What to work on:
When copying the data below, keep only the lines from the one with "Art. 1003T - Tavolo" through the one with "芳賀工業団地排水処理センター", word for word, and skip the pictures.

Source data:
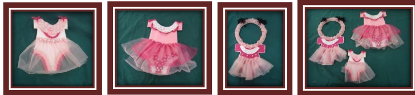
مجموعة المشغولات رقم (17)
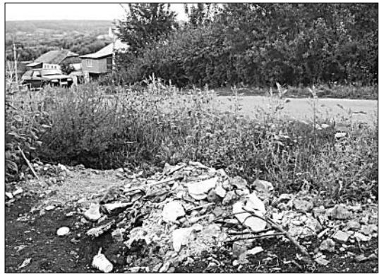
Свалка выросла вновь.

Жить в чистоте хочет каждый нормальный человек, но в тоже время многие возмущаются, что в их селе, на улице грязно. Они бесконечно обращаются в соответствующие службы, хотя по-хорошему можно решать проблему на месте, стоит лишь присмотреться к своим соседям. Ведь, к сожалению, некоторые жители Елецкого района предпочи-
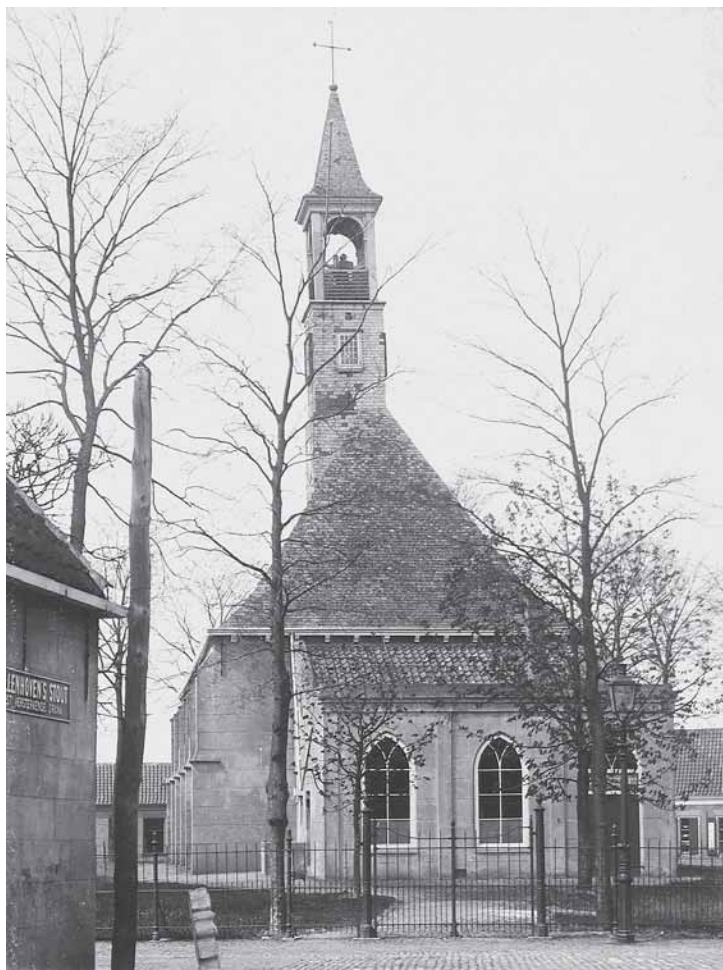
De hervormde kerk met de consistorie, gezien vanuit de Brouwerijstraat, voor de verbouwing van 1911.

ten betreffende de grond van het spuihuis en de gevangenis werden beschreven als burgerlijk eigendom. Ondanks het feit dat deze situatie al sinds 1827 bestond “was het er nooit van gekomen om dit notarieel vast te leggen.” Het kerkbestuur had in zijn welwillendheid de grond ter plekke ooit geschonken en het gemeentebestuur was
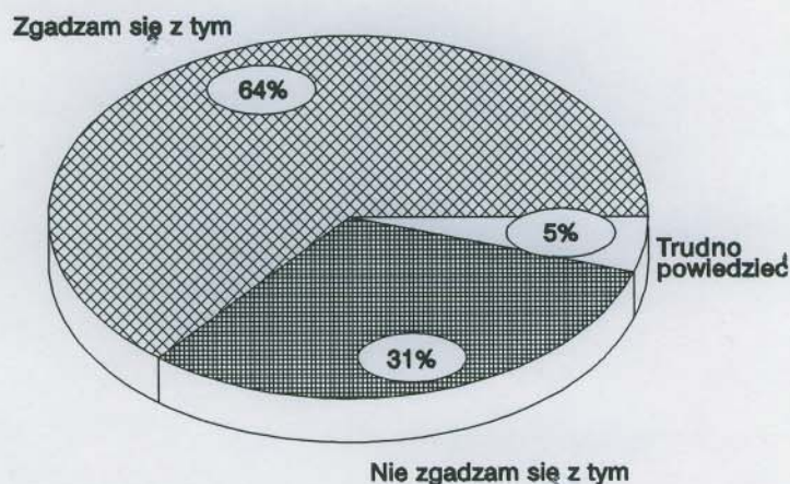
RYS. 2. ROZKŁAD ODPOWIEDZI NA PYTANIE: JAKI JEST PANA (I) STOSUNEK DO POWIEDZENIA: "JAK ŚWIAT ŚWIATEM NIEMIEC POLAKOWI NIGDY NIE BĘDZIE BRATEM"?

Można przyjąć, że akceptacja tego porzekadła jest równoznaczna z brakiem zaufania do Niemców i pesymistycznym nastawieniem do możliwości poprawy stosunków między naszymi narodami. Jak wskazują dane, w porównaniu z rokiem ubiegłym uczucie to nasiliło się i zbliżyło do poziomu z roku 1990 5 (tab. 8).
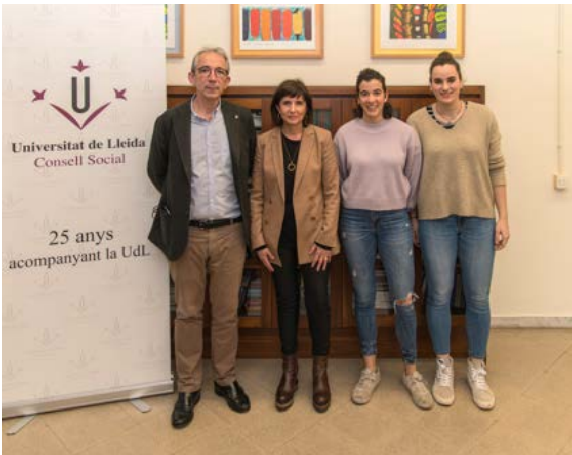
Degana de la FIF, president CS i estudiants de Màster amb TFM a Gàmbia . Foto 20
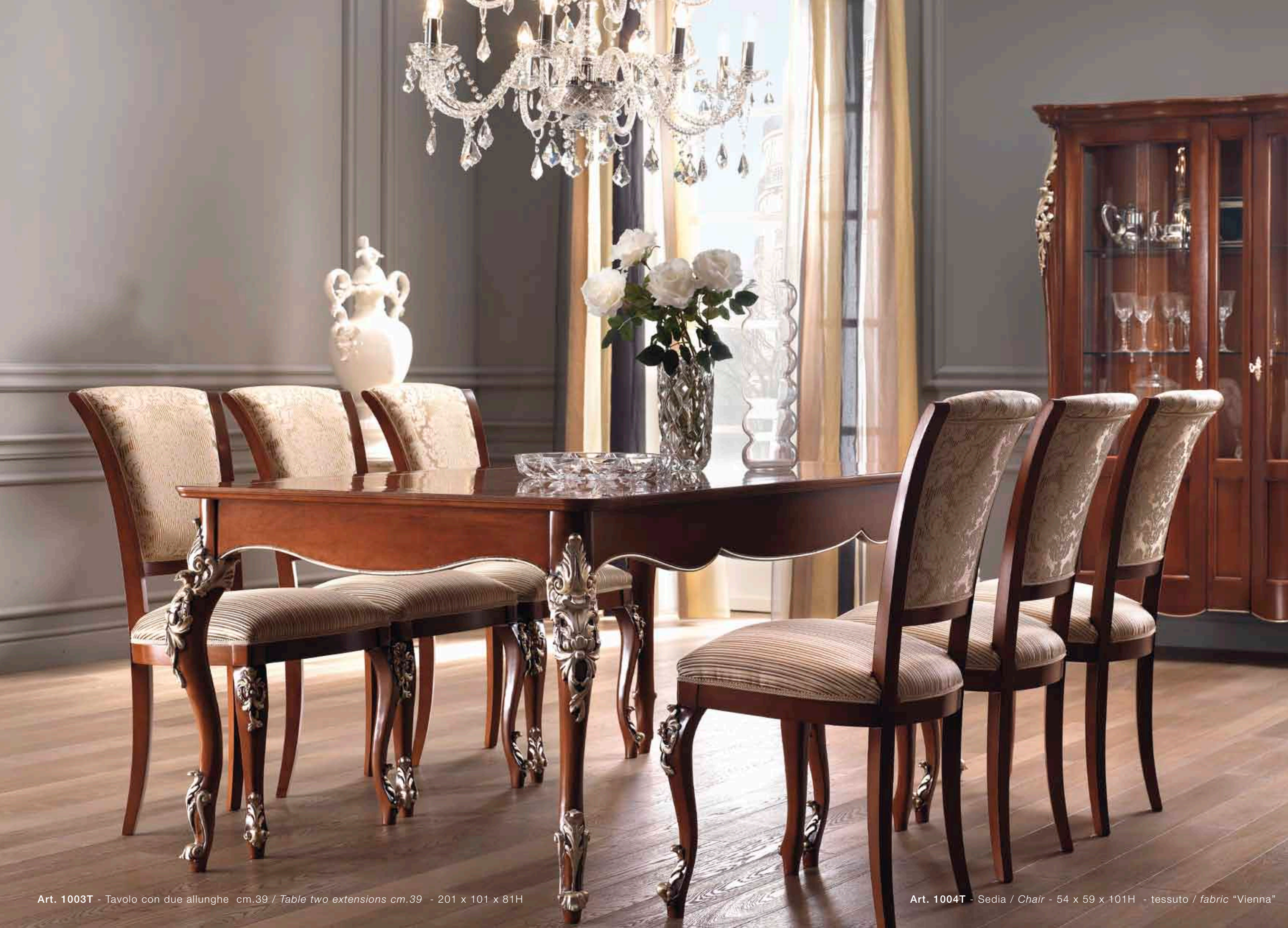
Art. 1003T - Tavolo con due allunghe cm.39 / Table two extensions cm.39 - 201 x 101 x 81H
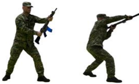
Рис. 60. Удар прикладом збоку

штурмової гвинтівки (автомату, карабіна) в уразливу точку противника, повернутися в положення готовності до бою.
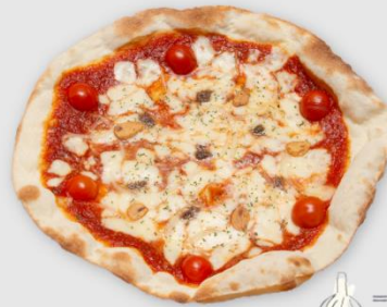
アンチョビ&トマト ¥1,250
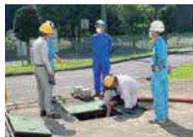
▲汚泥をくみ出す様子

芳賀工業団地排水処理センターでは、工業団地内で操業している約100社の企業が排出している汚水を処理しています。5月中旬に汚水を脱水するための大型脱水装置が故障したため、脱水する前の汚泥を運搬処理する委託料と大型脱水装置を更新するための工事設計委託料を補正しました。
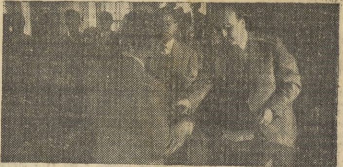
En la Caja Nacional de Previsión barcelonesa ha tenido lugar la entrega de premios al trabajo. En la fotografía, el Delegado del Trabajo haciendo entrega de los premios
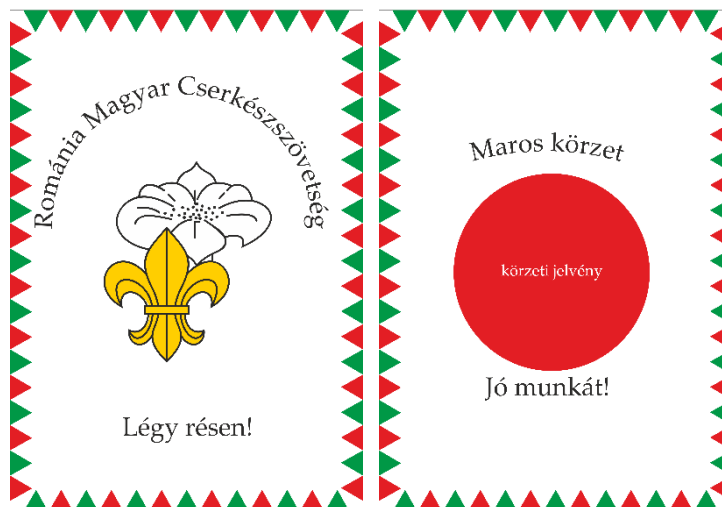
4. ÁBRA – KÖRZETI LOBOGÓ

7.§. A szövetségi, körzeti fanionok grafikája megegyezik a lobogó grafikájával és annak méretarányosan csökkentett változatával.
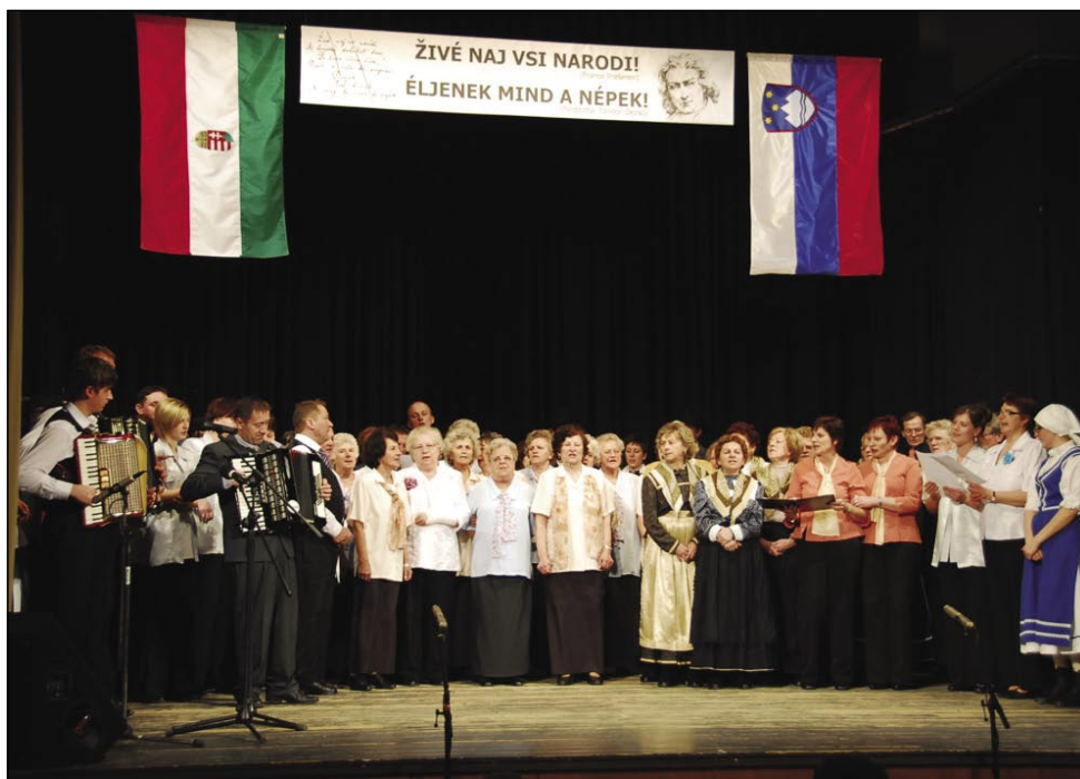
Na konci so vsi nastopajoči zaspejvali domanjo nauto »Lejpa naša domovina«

Task answer:
Art. 1003T - Tavolo con due allunghe cm.39 / Table two extensions cm.39 - 201 x 101 x 81H
Рис. 60. Удар прикладом збоку

штурмової гвинтівки (автомату, карабіна) в уразливу точку противника, повернутися в положення готовності до бою.
アンチョビ&トマト ¥1,250
▲汚泥をくみ出す様子

芳賀工業団地排水処理センターでは、工業団地内で操業している約100社の企業が排出している汚水を処理しています。5月中旬に汚水を脱水するための大型脱水装置が故障したため、脱水する前の汚泥を運搬処理する委託料と大型脱水装置を更新するための工事設計委託料を補正しました。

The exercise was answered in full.